COMBINING DIFFERENT BOND LEVEL SCORES
[0053] As described above, product ion spectra generated from a top or middle-down fragmentation of a polymeric compound include a significant number of fragments. Typically, each fragment is assigned a specific product ion, by a match of mass and isotope distribution.
[0054] Currently, however, there is no automatic correlation among the fragments, nor is there any correlation among the representations of the different fragments at multiple charge states or other factors.
[0055] As a result, additional systems and methods are needed to automatically correlate the information provided from different product ions and different charge states found when a bond of a protein or other polymeric compound is broken.
[0056] In various embodiments, a method for scoring a specific bond through the evidence that the bond has been broken is provided. This method provides a mechanism for rapid review of the sequence match and also the quality of the data.
[0057] An end-user desires information on the evidence for a polymeric compound found being of the correct sequence. The sequence is defined through the presence of a bond between two different residues and the relevant order of the residues.
During electron-capture dissociation (ECD) fragmentation of a polymeric chain, for example, evidence of the bond is provided by the presence of the complementary fragment ions being present (complementary score), with the fragment resulting from the N-terminal chain or the C-terminal chain. Each of these fragments can also be represented in the data through the presence of multiple charge elements (charge score), the quality of the spectral metrics, such as ppm error (error score), and also the quality of spectral pattern match (pattern score).
[0058] Figure 2 is an exemplary flowchart showing a method 200 for combining scores for a sequence match, in accordance with various embodiments.
[0059] In step 210 of method 200, a complete product ion spectrum is generated for a polymeric compound.
[0060] In step 220, fragments of a sequence are assigned to different product ions of the product ion spectrum.

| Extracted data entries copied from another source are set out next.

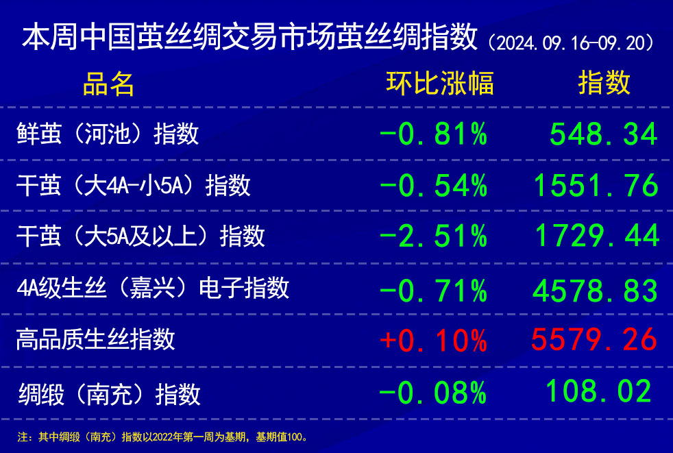本周中國繭絲綢交易市場繭絲綢指數(shù)
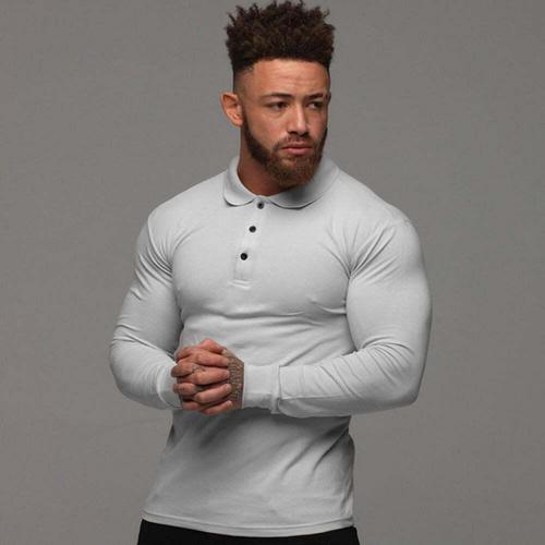 머슬핏 카라티 남성 슬림핏 단추 긴팔 티셔츠 2색
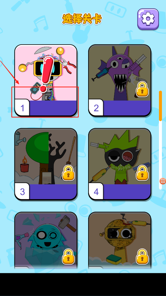 1、在关卡选择界面,点击任意一个关卡图标,比如“1”,开始你的游戏挑战。
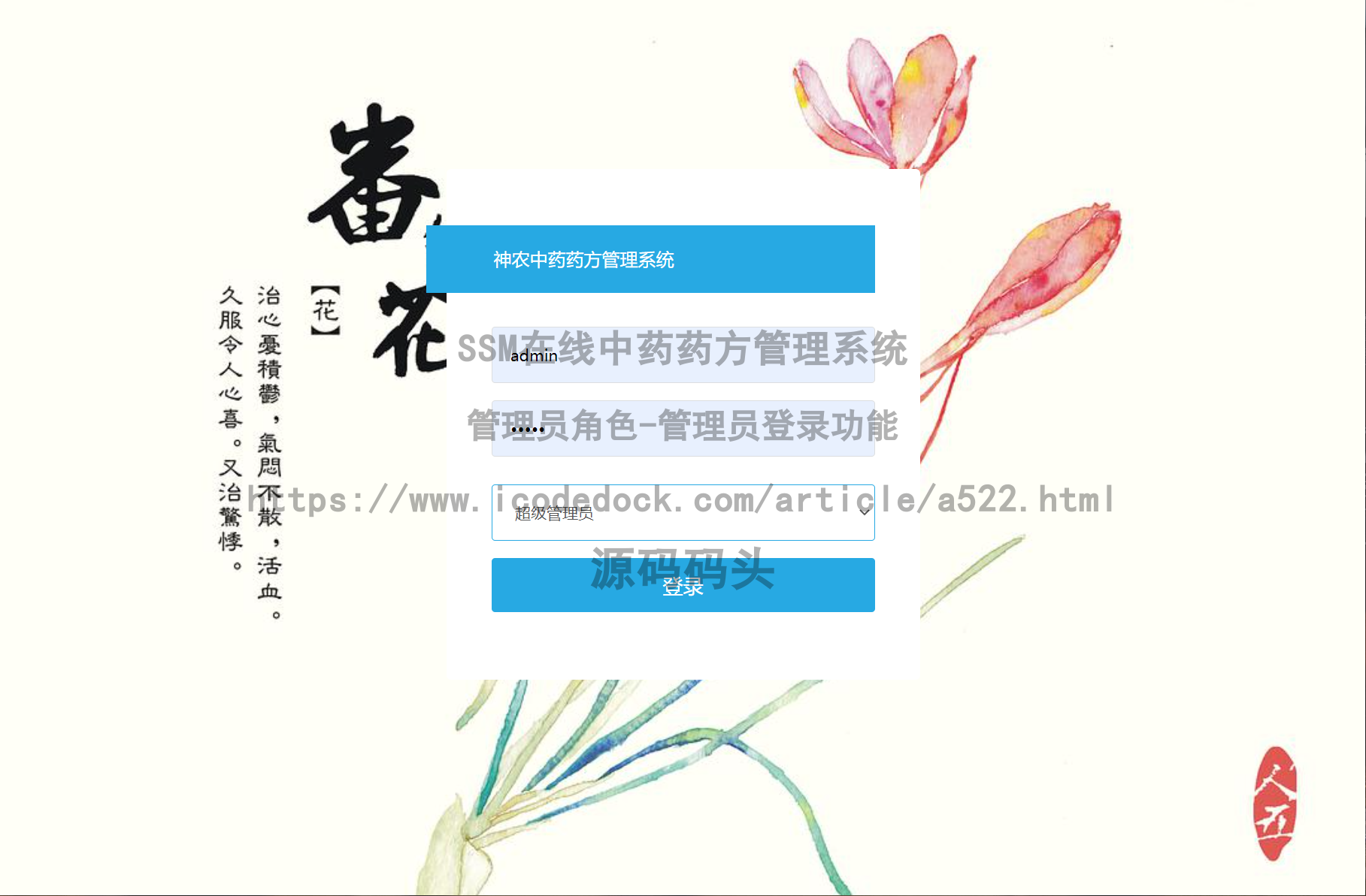 #### SSM在线中药药方管理系统-管理员角色-管理员登录↓↓
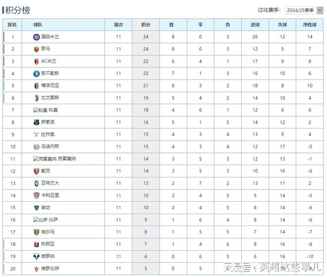 意甲最新积分榜:国际米兰豪取3连胜登顶,那不勒斯连续3场不胜!

[0061] In step 230, two or more bond level scores are calculated for the assigned different product ions. These bond level scores can include, but are not limited to, a parts per million (ppm) error or mass error score, a ppm or mass error offset score, an isotope profde fit score, a complementary ion score, and a multi-charge evidence score. The mass error score reflects the difference between the theoretical mass- to-charge ratio (m/z) value of the theoretical product ion and the experimentally measured m/z value of the measured product ion. The mass error offset score reflects an average deviation in the mass error of multiple product ions. An isotope profile fit score or isotope pattern match score reflects an intensity profile match of experimental versus theoretical profiles. A complementary ion score or complement fragment match score reflects the identification of a complementary ion, such as a z-ion for a c-ion or a b-ion for a y-ion. A multi-charge evidence score or multiple charge state multiplier score reflects the presence of multiple charge states of matching experimental ions.
[0062] In various embodiments, additional bond level scores can be used. A mass error trend with m/z score, for example, reflects the linearity of the trend in mass error with increasing m/z value. The average or weighted average for the isotope m/z error score, for example, reflects the average or weighted average error of the isotope m/z values. The predicted charge state correlation score, for example, reflects the prediction of charge by residues to the likely visible charges. The isotope cluster signal-to-noise score, for example, reflects the signal-to-noise of the isotope cluster. The fit or purity to the measured spectra scores, for example, compares in silico and measured spectra using fit and purity scores.
[0063] In step 240, scores of at least two or more bond level scores are combined to provide a total or overall score of the match of the spectrum to the bond of the sequence.
[0064] In step 250, a combined score is mapped to each bond of the sequence.
[0065] Many of the scores described above have been calculated and used conventionally. However, these scores have not been combined to provide a combined or total bond level score. In various embodiments, an appropriate method for combining scores is used, such as summing scores, calculating a mean, median, or mode, or calculating a nonlinear combination of scores.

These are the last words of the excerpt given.